January 2014 | Review by John Tredgett
  • Publisher: Creative 4 International (Martin Manser)
  • ISBN: 978-1-9096-8002-9
  • Pages: 1040
  • Price: 9.21

Book Review

Open your Bible: Old Testament commentary

Martin Manser (Ed.)
Creative 4 International,
1040 pages, £9.21 (Kindle)
ISBN: 978-1-9096-8002-9

In spite of its prodigious length, this book is largely devotional, designed to be read little and often. From Genesis to Malachi, the entire Old Testament is covered passage by passage.

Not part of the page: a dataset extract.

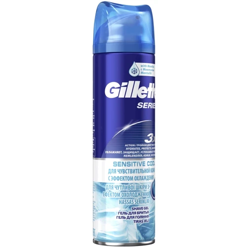 Наслаждайтесь невероятно гладким бритьем с гелем для бритья Gillette Series Sensitive Cool. Формула тройного действия с ментолом увлажняет, смягчая волоски, смазывает, обеспечивая защиту, и охлаждает, успокаивая кожу. В сочетании с бритвой Gillette Sensor3 Cool дарит уникальное холодящее ощущение во время бритья.

     The book aims to provide short and accessible summaries or elaborations of each passage. ‘Conservative, evangelical scholarship’ (p.9) is said to underpin the exposition.

     The 39 Old Testament books are distributed among seven contributors, including Derek Kidner, John B. Taylor and H. L. Ellison. The result is gathered together in this weighty volume.

     Historical context appears to be the main goal of each commentary. However, this seemed to be to the detriment of insightful application of the biblical text. Indeed, I struggled to be stirred or challenged by what I read. Yes, ‘what’s happening’ seemed to be answered, but ‘What does it mean for me?’ or ‘See how great our God is!’ were somewhat sidelined.

     For instance, the commentary on Genesis 50 addresses issues of Egyptian funerary culture, but omits highlighting and celebrating Joseph’s remarkable insight into God’s sovereignty: ‘You meant evil against me, but God meant it for good’ (Genesis 50:20).

     David’s famous, fateful encounter with Goliath is another example. A perennial favourite in Sunday school, it is ideal for inspiring faith in young and old alike. However, in this book, literally half the commentary on this is spent addressing four textual difficulties in 1 Samuel 17. For a devotional, I believe that drawing out lessons and providing encouragement would be much more suitable and appreciated.

     A further, serious shortcoming is the naturalistic approach to miracles in Genesis. Taking Genesis literally is only mentioned in the context of what not to do (p.14). A local flood, a mortal prelapsarian Adam, and natural causes behind the destruction of Sodom and Gomorrah reveal a liberal approach to theology.

     Nonetheless, there is a fair amount of sound scholarship and helpful explanation of the text. Unfortunately, it is too few and far between for me to really recommend this book.